The biofilm method quantifying metabolic activity was compared with a standard semi-quantitative biomass quantification method in 96-well microtitre plates.11,31 For these experiments, we grew 24 h biofilms of all six staphylococcal strains and analysed metabolic activity with AB, as described earlier. Biomass quantification of the 24 h biofilms was performed by staining the biofilm with Crystal Violet (CV). After staining, ethanol/acetone (70:30) was added to each well to dissolve remaining CV along the walls of the wells. The optical density was then recorded at 570 nm using a spectrophotometer.
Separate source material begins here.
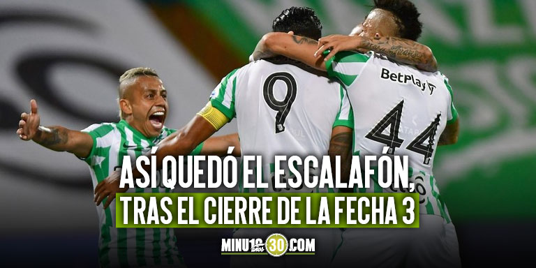 Por su parte, Atlético Nacional apare tercero y gracias a su diferencia de gol (+4), comanda el grupo de los que tienen seis puntos, entre los que están Millonarios, Jaguares de Córdoba y el Deportivo Independiente Medellín.

Aliquots (1 mL) of MHIIB-diluted overnight culture were used to grow S. haemolyticus TUH 51-07 biofilm on plastic coverslides (Thermanox, cell culture treated on one side, NUNC, Roskilde, Denmark) in 24-well dishes (Falcon 3047, Becton Dickinson, NJ, USA) for 24 h. The coverslides were then washed carefully with PBS, moved to a new plate and treated for 24 h with 50 and 500 mg/L tetracycline, 50 and 500 mg/L vancomycin or 50 and 500 mg/L Ltx5. The coverslides were washed again with 9% NaCl and stained with a LIVE/DEAD kit (Invitrogen Molecular Probes, Eugene, OR, USA) following the manufacturer's instructions. This stain contains SYTO 9 (green fluorescent) and propidium iodide (PI; red fluorescent), both binding to DNA. When used alone, the SYTO 9 generally stains all bacteria in a population, both those with intact and those with damaged membranes. In contrast, PI penetrates only bacteria with damaged membranes, causing a reduction in the SYTO 9 stain green fluorescence when both dyes are present. We examined treated and untreated biofilms with a Leica TCS SP5 (Leica Microsystems CMS Gmbh, Mannheim, Germany) confocal laser scanning microscope (CLSM). Images were obtained using a 63 x 1.2 NA HCX PL APO water immersion lens. For detection of SYTO 9 (green channel), we used the 488 nm line of the argon laser and a detection bandwidth of 495–515 nm. For PI detection (red channel), we used the 561 nm line and a detection bandwidth of 615–660 nm. The two fluorescent signals were collected sequentially at 400 Hz. Image analyses and export were performed in a Leica LAS AF version 1.8.2.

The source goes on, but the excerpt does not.